Downloading pretraining dataset from huggingface #43

Open rubenweitzman opened 3 months ago

rubenweitzman commented 3 months ago

Hi, Thanks for providing the pre-training database with foldseek tokens! having difficulty downloading the dataset and using with hugginface functions. Trying

from datasets import load_dataset

# Load the dataset
dataset = load_dataset("westlake-repl/AF2_UniRef50")

# Load the train split of the dataset
train_dataset = dataset["train"]

but getting error

if not module_name:
    raise DataFilesNotFoundError("No (supported) data files found" + (f" in {path}" if path else ""))
    return module_name, default_builder_kwargs

DataFilesNotFoundError: No (supported) data files found in westlake-repl/AF2_UniRef50

What then is the proper way to load in the dataset from huggingface?

LTEnjoy commented 3 months ago

Hi,

AF2_UniRef50 is organized in LMDB format.
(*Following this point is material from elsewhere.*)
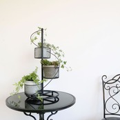 スタイリッシュにグリーンを飾る、アイアンスタンドプランター。鉢カバーごと入れて楽しめる便利な設計で、玄関やリビング、ベランダなど、あらゆるスペースをセンスよく演出してくれます。
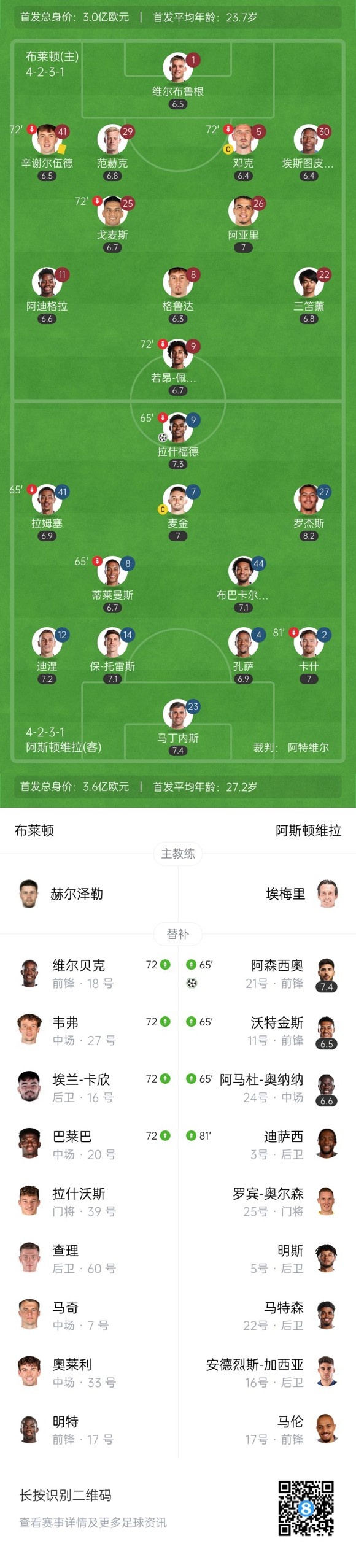 第78分钟,维拉扩大比分!反击机会罗杰斯右路下底倒三角阿森西奥跟上推射破门,布莱顿0-2维拉。↓

If you want to load it, you have to first download it and then open the file using lmdb package.

Here is the example of how you get samples:

import lmdb

lmdb_dir = "/your/path/to/AF2_UniRef50/train"
with lmdb.open(lmdb_dir, readonly=True).begin() as txn:
    length = int(txn.get('length'.encode()).decode())
    for i in range(length):
        data_str = txn.get(i.encode()).decode()
        data = json.loads(data_str)
        print(data)
        break

Hope this could resolve your problem:)